David Trimboli ([email protected]) [KLI Member] [Hol po'wI']



Doq wrote:

> If English calls "I know who stole the money" a sentence with an  
> interrogative content clause, and it calls "I know the man who stole  
> the money" a sentence with a relative clause, and the thing called a  
> relative clause in Klingon lacks an equivalent of the word "who"  
> completely, then how do we know that what Klingon calls a relative  
> clause isn't really just an interrogative content clause that replaces  
> the interrogative pronoun with a head noun, marking the verb with {- 
> bogh} just to let us know it happened?

I think you're trying to apply English grammar terminology to Klingon in 
ways that Klingon simply doesn't work. An interrogative content clause 
corresponds with interrogative sentences. That correspondence is more 
than just an arbitrary "because I said so." In English, it includes the 
interrogative pronoun, and the clause has not been rearranged for 
question-asking.

If you try to make an interrogative content clause simply by adding 
{'Iv}, it will really be acting as a relative pronoun, which Okrand said 
he didn't know about. At the very least that makes it nontrivial.

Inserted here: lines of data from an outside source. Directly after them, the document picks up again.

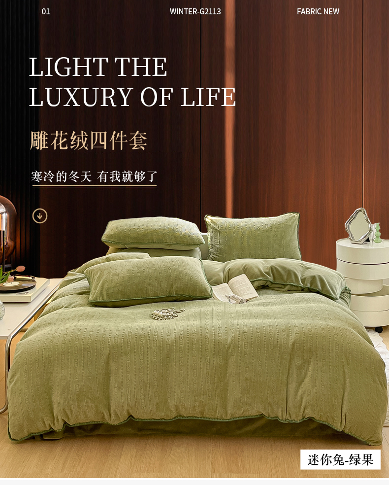 商品名称:(总)金爱家 2023新款半消光牛奶绒立体雕花牛奶绒四件套
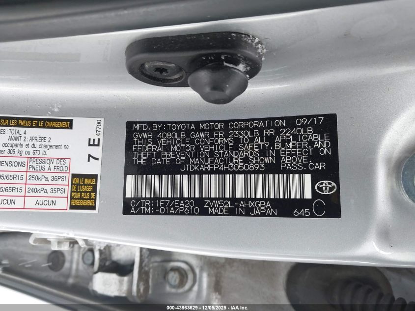 2017 TOYOTA PRIUS PRIME PRIUS PRIM
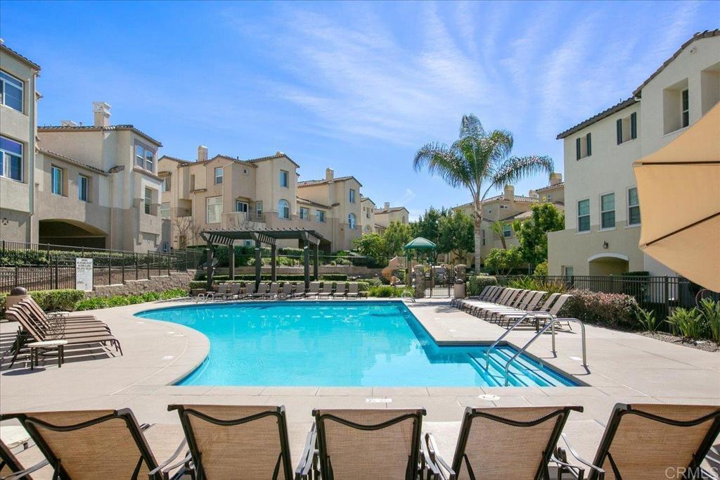 Welcome to 404 Almond Rd, a beautifully updated townhome in the gated Coronado Ranch community of San Marcos, where modern design meets elevated lifestyle. Perched in a prime location with views to the west, this two bedroom residence captures stunning sunset skies and gentle ocean breezes that make every evening feel special. Step inside to discover an open-concept living space filled with natural light and effortless flow. The gourmet kitchen features stainless steel appliances, granite countertops, and a breakfast bar perfect for entertaining. Enjoy morning coffee or evening wine on your private balcony overlooking the hills. Additional highlights include an attached two-car garage, in-unit laundry, and central A/C. Coronado Ranch residents enjoy resort-style amenities: a pool, spa, fitness center, BBQ area, playground, dog park, and clubhouse, all within a secure gated environment. Just minutes from Cal State San Marcos, shopping, dining, and the 78 Freeway, this home offers the perfect blend of comfort, convenience, and California luxury. Ideal for the discerning buyer seeking elevated design, a sense of privacy, and a move-in-ready home with exceptional value. VA approved!
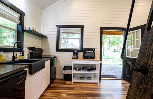 The living room exudes a modern farmhouse design, ideal for movies, games, or relaxation on a plush sofa. A dream Tiny Home kitchen, adorned with classic shiplap walls, is fully equipped with full-sized appliances, a fully stocked kitchen, and a stocked coffee bar. The dining table offers a perfect setting for meals.

In any case, simply adding {'Iv} would make the sentence *{Huch nIHbogh 
'Iv vISov}, which looks to me like an unholy alliance of relative and 
interrogative pronoun. I'm not sure I've ever seen a proposal like that. 
I would probably be able to divine its meaning, but only by translating 
it into English first. (Why doesn't it mean "Whom do I know who stole 
the money?")

> Klingon relative clauses give one noun grammatical roles in two  
> clauses. English interrogative content clauses give one pronoun  
> grammatical roles in two clauses. The pronoun {'e'} links two verbs.  
> That's why I don't understand how {'e'} can work with an indirect  
> question or an interrogative content clause.

Most people say it can't. But to correct what you say, the pronoun in an 
English interrogative content clause does not have grammatical roles in 
two clauses. In "I know who stole the money," the entire interrogative 
content clause, "who stole the money," is the direct object of the main 
clause, "I know." It isn't this:
	NOT THIS!	(I know [who) stole the money]
It's this:
	THIS!		(I know [who stole the money])

A relative pronoun is called "relative" because it serves a grammatical 
in two different clauses. In Klingon, the head noun of a relative clause 
could also be called a "relative noun" for precisely this reason. (I 
kind of like that!) This is a totally different relationship to a main 
clause than that of a content clause. In Klingon, the first sentence of 
the sentence-as-object construct is a content clause. The second 
sentence is the main clause. The pronouns {'e'} and {net} always stand 
in the main clause for the content clause.

	(Huch nIH) ['e' vISov]
	(cont.cl.) [main cl. ]

	[I know [that]] (he stole the money)

The English is similar to the Klingon, except the order of the clauses 
is reversed, and the pronoun "that" is optional.

The example above uses a declarative content clause. The ONLY part of 
all this that is controversial is, does Klingon allow *interrogative* 
content clauses? There has never been an example of one.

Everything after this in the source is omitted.